[Work task] Each line below from the line with "여성 지갑, 여성 한국식" to the line with "Bord; f-bor-2; plat" must be copied exactly, including those two, and no picture may appear in the copy.

[Records shown]
____
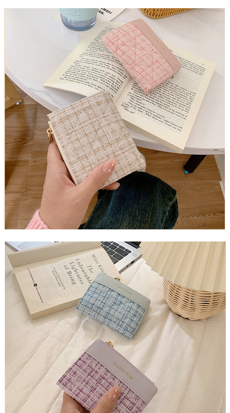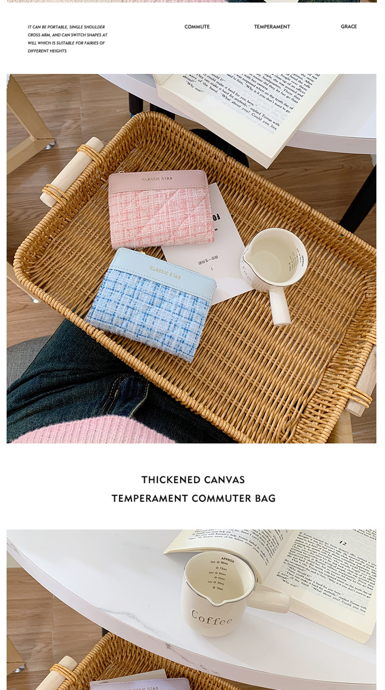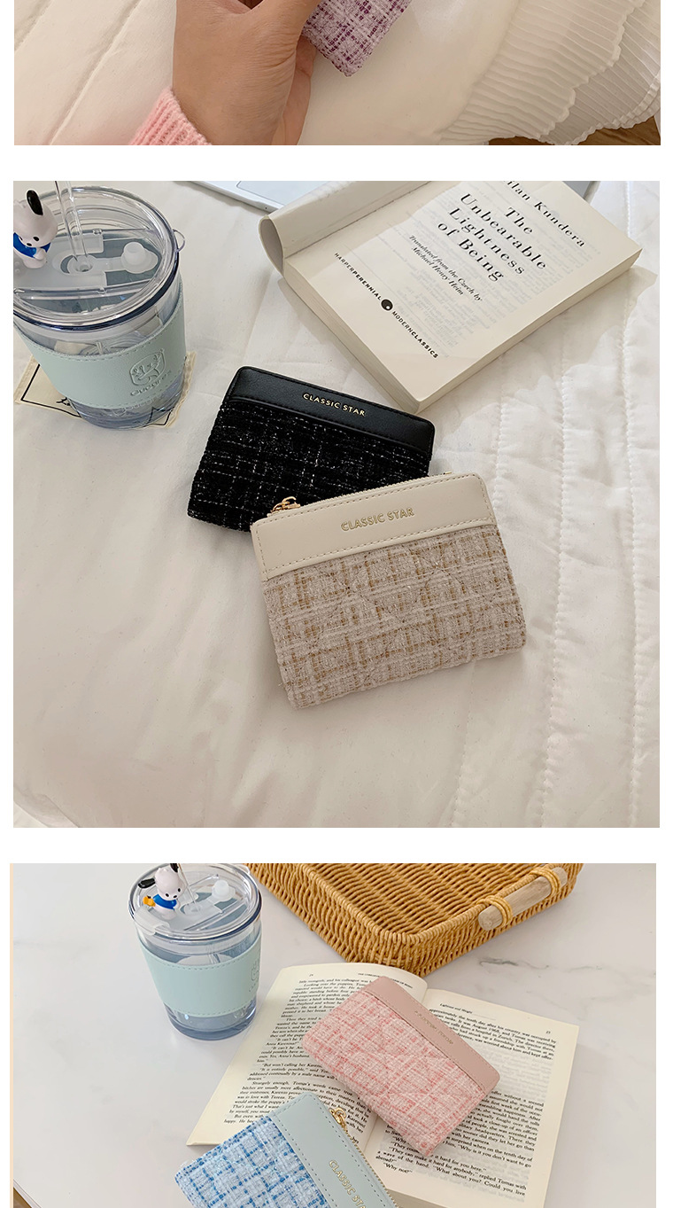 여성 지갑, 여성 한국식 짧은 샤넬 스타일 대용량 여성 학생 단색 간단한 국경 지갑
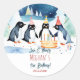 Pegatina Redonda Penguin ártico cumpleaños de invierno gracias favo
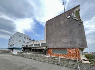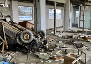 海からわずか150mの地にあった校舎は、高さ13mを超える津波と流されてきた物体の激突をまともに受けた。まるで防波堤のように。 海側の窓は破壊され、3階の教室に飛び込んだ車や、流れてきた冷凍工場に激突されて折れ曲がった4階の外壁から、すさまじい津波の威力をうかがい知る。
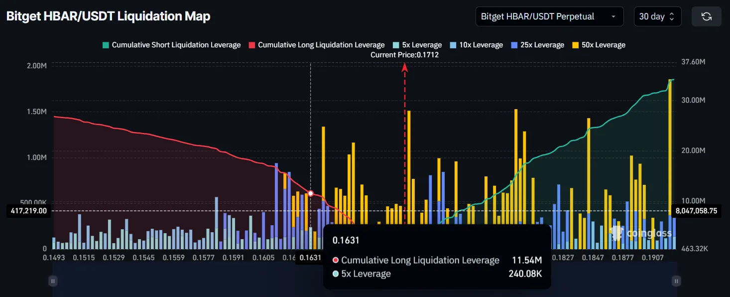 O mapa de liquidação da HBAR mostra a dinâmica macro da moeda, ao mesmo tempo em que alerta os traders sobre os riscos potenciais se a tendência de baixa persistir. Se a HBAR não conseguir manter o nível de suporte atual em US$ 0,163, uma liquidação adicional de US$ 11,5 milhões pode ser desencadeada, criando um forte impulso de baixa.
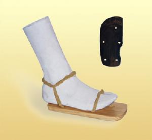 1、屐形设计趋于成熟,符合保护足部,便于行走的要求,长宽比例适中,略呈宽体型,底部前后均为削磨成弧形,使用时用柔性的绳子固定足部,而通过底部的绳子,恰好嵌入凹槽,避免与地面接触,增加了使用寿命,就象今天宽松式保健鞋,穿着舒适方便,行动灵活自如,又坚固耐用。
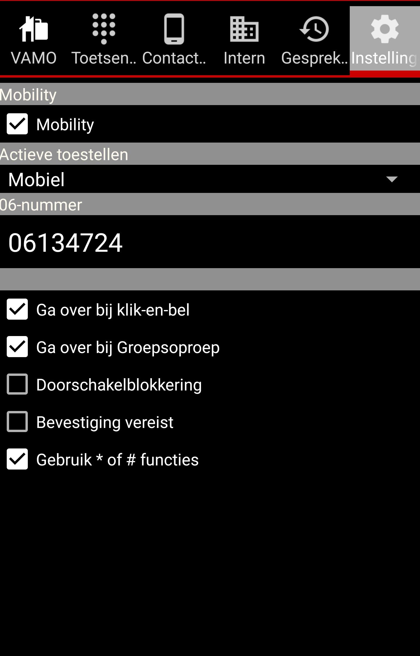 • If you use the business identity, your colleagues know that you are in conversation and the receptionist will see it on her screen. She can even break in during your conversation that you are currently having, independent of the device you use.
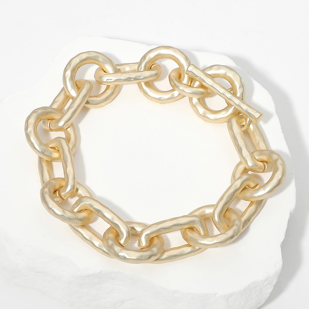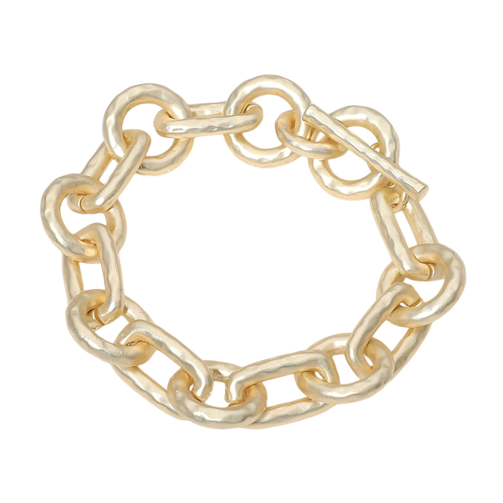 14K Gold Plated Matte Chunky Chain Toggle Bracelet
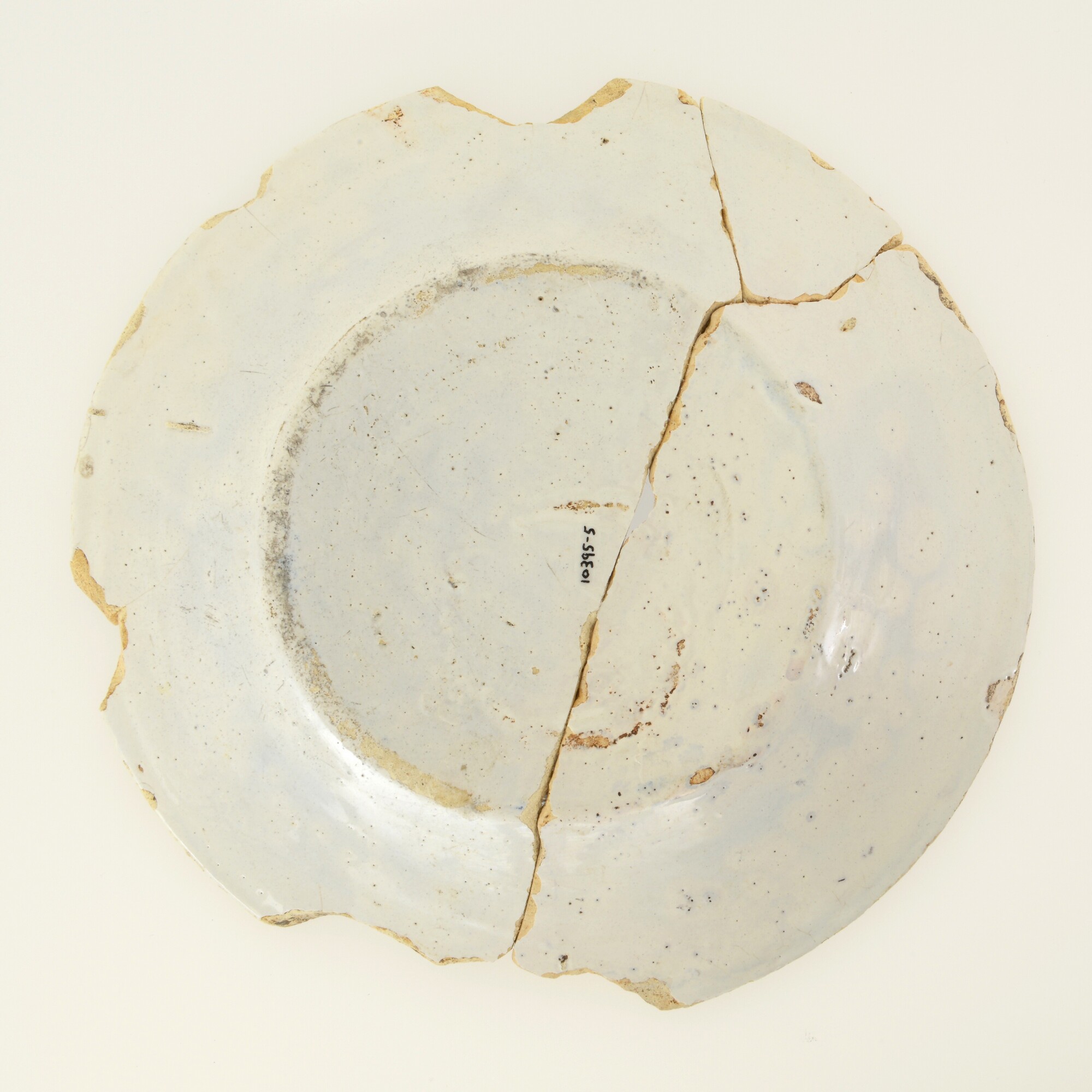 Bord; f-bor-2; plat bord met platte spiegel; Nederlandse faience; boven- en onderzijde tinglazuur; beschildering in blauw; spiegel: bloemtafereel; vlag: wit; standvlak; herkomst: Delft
____
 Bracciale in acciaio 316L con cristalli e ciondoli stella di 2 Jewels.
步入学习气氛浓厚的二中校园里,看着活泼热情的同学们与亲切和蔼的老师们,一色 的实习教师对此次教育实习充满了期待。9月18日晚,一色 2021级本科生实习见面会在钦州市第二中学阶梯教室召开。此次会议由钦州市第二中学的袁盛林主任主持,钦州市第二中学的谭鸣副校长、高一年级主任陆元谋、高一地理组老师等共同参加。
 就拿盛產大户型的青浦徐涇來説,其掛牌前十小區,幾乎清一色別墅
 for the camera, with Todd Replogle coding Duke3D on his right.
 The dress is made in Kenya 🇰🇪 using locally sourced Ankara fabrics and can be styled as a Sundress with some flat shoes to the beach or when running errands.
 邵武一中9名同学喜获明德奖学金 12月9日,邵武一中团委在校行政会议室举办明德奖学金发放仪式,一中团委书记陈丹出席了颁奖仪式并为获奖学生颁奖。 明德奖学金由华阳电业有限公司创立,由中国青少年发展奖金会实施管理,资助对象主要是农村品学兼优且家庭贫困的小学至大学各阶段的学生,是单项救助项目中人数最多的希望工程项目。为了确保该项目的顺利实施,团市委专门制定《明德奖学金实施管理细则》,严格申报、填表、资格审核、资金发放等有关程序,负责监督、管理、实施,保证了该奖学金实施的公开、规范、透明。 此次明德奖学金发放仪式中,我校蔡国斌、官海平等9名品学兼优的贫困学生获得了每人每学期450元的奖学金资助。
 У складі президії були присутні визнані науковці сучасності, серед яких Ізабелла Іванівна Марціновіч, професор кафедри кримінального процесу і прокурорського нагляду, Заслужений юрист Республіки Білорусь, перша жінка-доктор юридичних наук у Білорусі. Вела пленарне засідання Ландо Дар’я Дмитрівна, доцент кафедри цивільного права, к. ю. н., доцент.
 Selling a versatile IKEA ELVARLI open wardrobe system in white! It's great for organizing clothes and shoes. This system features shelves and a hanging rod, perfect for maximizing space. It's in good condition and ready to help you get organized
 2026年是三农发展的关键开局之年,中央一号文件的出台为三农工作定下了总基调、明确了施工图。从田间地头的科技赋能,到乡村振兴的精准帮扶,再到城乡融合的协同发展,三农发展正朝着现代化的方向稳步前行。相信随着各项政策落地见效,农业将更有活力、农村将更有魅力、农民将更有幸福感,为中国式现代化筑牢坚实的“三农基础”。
____
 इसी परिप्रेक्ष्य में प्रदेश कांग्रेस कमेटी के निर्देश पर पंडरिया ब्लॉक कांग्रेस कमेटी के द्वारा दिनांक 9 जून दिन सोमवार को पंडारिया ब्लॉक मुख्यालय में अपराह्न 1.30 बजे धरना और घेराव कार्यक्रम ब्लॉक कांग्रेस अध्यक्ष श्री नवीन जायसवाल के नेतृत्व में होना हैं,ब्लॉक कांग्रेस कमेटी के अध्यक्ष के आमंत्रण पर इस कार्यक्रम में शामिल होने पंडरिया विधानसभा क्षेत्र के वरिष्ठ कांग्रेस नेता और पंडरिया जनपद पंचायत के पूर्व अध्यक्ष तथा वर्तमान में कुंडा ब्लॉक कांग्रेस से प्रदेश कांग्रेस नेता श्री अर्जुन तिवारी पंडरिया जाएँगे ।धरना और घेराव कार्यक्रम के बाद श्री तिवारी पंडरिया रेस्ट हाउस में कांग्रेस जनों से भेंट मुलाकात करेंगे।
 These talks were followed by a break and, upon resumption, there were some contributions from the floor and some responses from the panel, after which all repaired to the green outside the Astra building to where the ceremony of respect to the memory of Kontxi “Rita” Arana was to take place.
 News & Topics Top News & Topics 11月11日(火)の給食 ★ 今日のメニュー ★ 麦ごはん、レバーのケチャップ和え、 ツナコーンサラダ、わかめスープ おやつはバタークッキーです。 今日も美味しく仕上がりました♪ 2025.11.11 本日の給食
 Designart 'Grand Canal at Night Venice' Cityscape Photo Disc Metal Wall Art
____
[Output]
 여성 지갑, 여성 한국식 짧은 샤넬 스타일 대용량 여성 학생 단색 간단한 국경 지갑
 Pegatina Redonda Penguin ártico cumpleaños de invierno gracias favo
 海からわずか150mの地にあった校舎は、高さ13mを超える津波と流されてきた物体の激突をまともに受けた。まるで防波堤のように。 海側の窓は破壊され、3階の教室に飛び込んだ車や、流れてきた冷凍工場に激突されて折れ曲がった4階の外壁から、すさまじい津波の威力をうかがい知る。
 O mapa de liquidação da HBAR mostra a dinâmica macro da moeda, ao mesmo tempo em que alerta os traders sobre os riscos potenciais se a tendência de baixa persistir. Se a HBAR não conseguir manter o nível de suporte atual em US$ 0,163, uma liquidação adicional de US$ 11,5 milhões pode ser desencadeada, criando um forte impulso de baixa.
 1、屐形设计趋于成熟,符合保护足部,便于行走的要求,长宽比例适中,略呈宽体型,底部前后均为削磨成弧形,使用时用柔性的绳子固定足部,而通过底部的绳子,恰好嵌入凹槽,避免与地面接触,增加了使用寿命,就象今天宽松式保健鞋,穿着舒适方便,行动灵活自如,又坚固耐用。
 • If you use the business identity, your colleagues know that you are in conversation and the receptionist will see it on her screen. She can even break in during your conversation that you are currently having, independent of the device you use.
 14K Gold Plated Matte Chunky Chain Toggle Bracelet
 Bord; f-bor-2; plat bord met platte spiegel; Nederlandse faience; boven- en onderzijde tinglazuur; beschildering in blauw; spiegel: bloemtafereel; vlag: wit; standvlak; herkomst: Delft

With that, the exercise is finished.